◆ Dataset content ◆

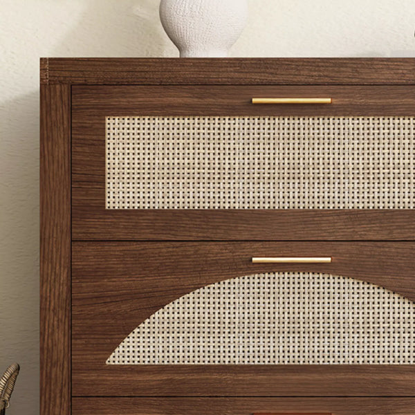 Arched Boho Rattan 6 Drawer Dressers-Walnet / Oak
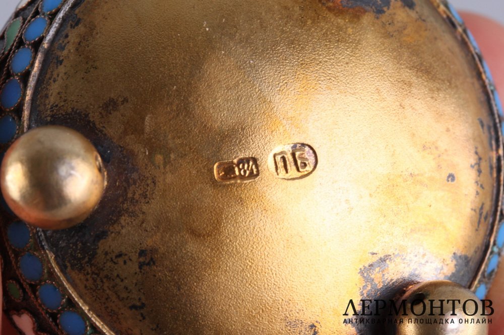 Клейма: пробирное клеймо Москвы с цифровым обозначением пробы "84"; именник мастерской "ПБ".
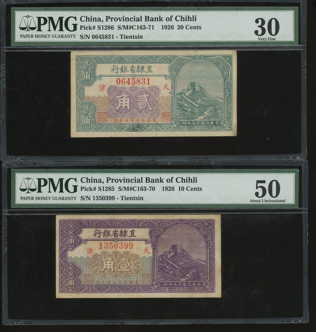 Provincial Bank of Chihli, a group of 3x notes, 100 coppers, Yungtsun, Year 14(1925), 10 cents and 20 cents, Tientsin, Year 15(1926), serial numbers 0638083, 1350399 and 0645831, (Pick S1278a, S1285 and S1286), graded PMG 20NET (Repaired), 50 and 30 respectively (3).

◆ What the task asks ◆
A verbatim rendering of the listing above is required, without any of its pictures.

◆ Result ◆
 Arched Boho Rattan 6 Drawer Dressers-Walnet / Oak
 Клейма: пробирное клеймо Москвы с цифровым обозначением пробы "84"; именник мастерской "ПБ".
 Provincial Bank of Chihli, a group of 3x notes, 100 coppers, Yungtsun, Year 14(1925), 10 cents and 20 cents, Tientsin, Year 15(1926), serial numbers 0638083, 1350399 and 0645831, (Pick S1278a, S1285 and S1286), graded PMG 20NET (Repaired), 50 and 30 respectively (3).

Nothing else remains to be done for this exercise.